Problem to work on:
Provide again, from the entries below, every line from the one containing "Красное продолговатое виброяицо" through the one containing "北京弘海活动房屋有限公司智邦国际ERP系统项目实施现场", exactly as written, and no other line.

Records shown:

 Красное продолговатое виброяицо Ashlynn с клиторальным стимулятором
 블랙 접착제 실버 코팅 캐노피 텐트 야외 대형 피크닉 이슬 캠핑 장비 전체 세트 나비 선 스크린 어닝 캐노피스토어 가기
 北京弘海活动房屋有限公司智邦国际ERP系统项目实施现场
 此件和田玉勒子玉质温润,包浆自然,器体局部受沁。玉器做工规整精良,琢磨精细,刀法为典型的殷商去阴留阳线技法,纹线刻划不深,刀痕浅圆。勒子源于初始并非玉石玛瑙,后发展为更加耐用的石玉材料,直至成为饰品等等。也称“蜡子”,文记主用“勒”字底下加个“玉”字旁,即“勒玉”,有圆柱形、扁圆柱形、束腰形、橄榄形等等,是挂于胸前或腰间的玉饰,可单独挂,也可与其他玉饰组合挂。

...

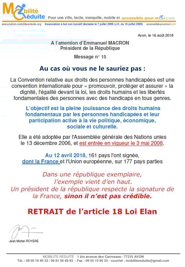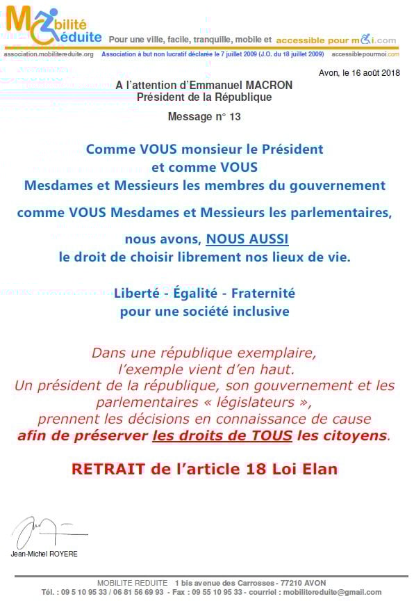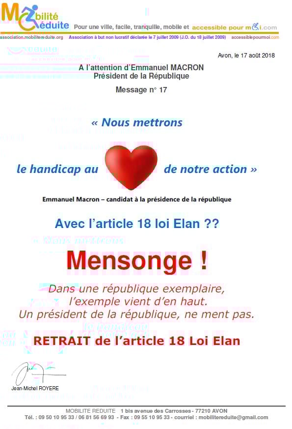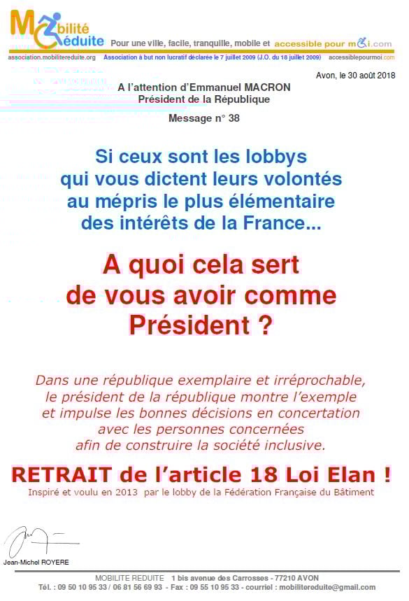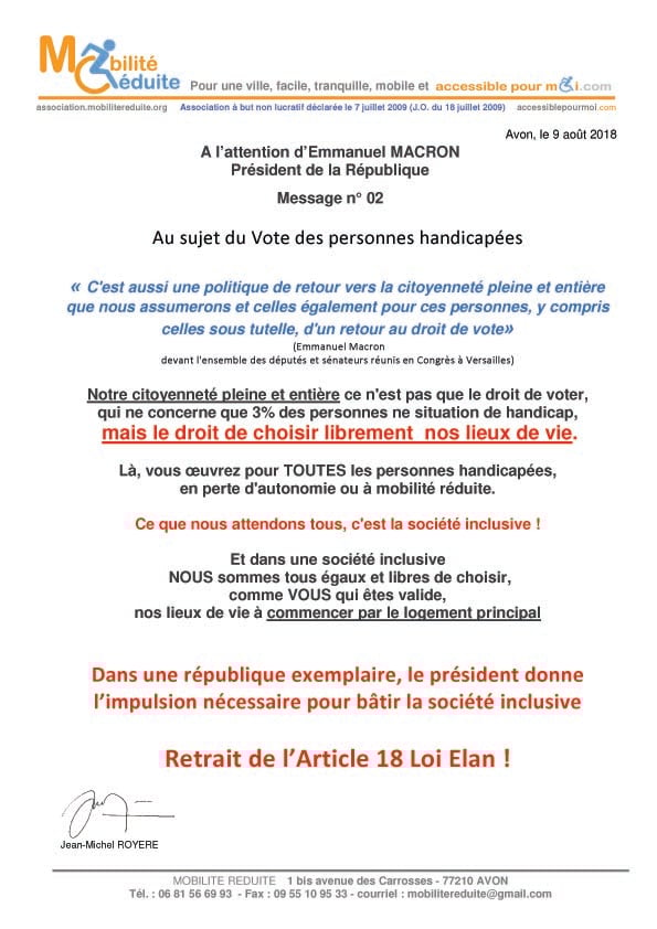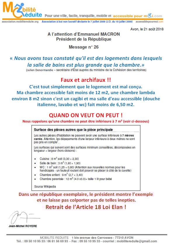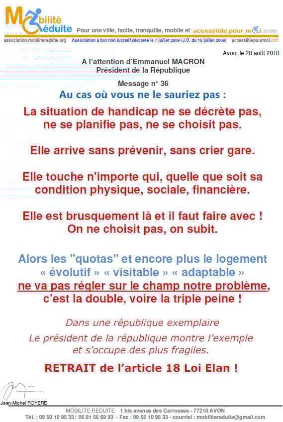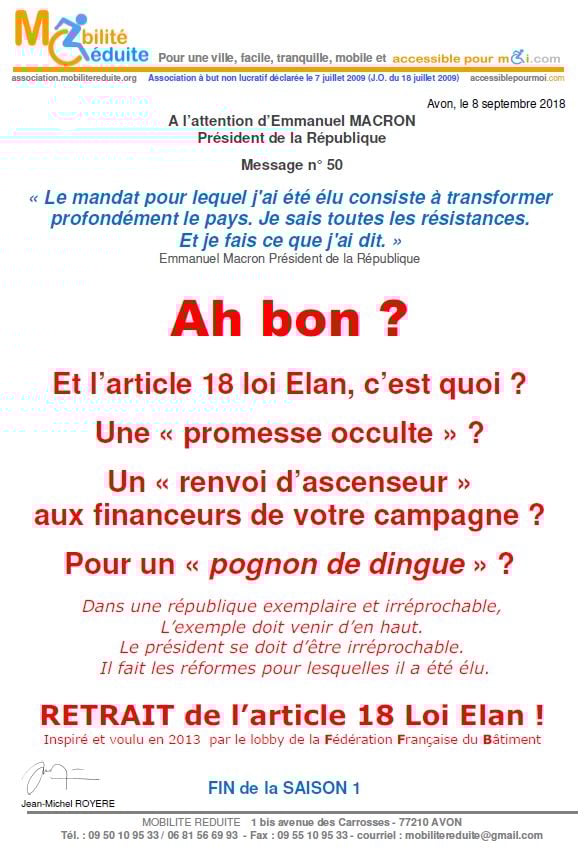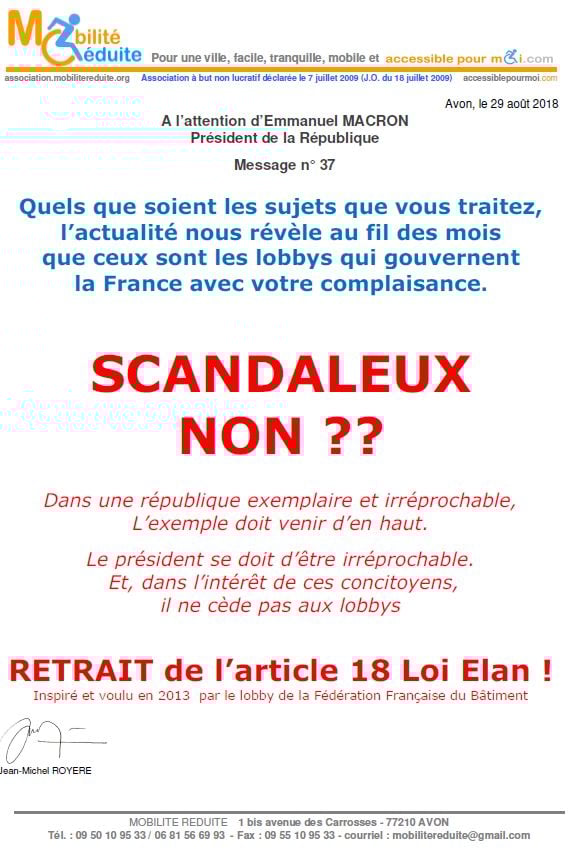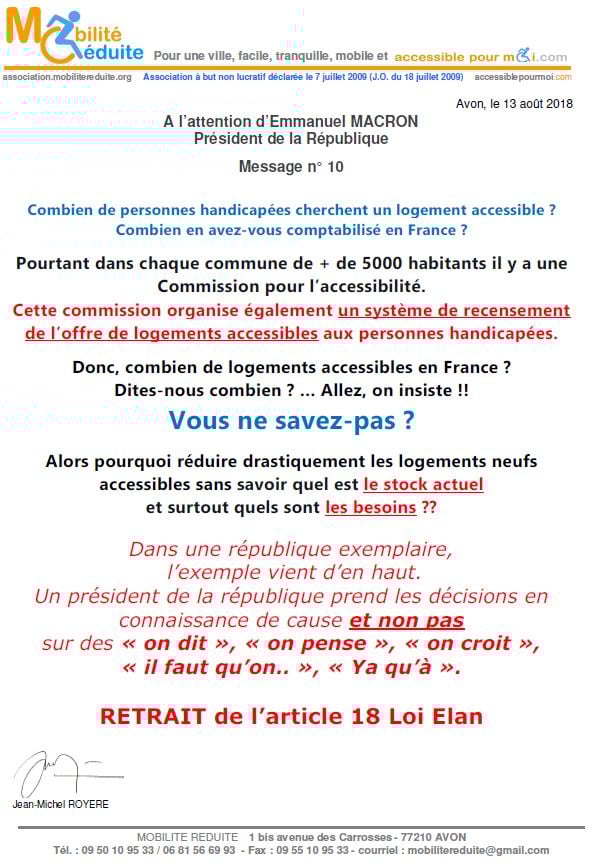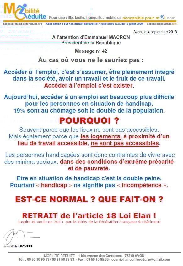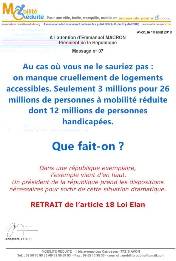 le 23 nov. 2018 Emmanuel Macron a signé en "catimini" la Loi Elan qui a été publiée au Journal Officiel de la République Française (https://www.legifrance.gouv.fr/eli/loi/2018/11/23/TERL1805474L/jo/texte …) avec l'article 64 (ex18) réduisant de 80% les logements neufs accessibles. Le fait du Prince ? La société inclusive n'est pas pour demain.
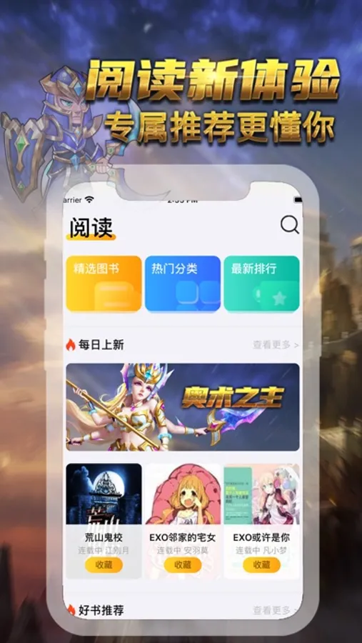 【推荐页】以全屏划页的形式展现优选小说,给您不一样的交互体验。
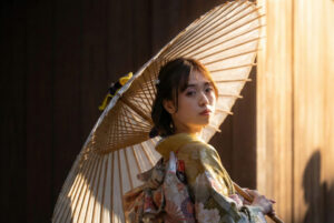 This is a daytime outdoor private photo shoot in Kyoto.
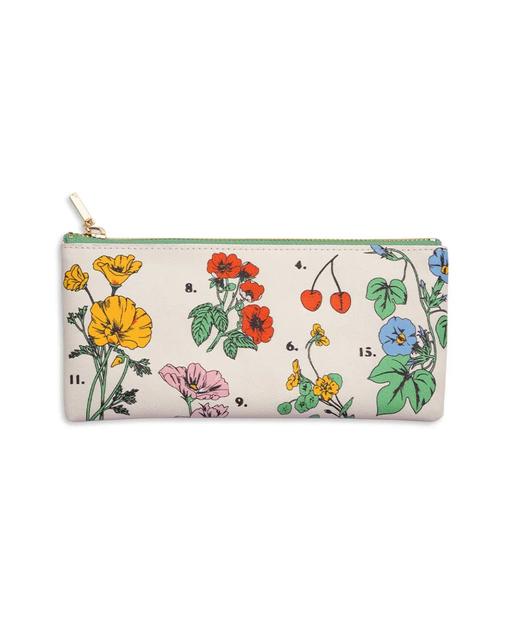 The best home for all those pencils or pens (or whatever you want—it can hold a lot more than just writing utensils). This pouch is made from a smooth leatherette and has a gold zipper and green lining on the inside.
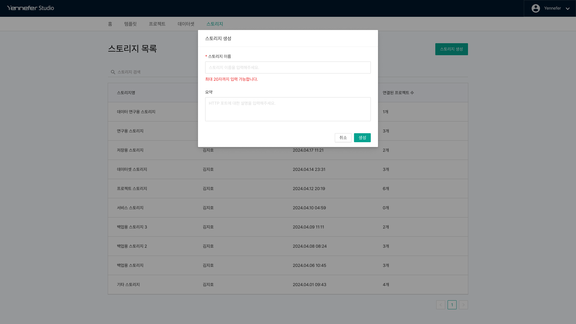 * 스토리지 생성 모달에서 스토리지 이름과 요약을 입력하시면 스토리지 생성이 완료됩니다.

Reply:
 Красное продолговатое виброяицо Ashlynn с клиторальным стимулятором
 블랙 접착제 실버 코팅 캐노피 텐트 야외 대형 피크닉 이슬 캠핑 장비 전체 세트 나비 선 스크린 어닝 캐노피스토어 가기
 北京弘海活动房屋有限公司智邦国际ERP系统项目实施现场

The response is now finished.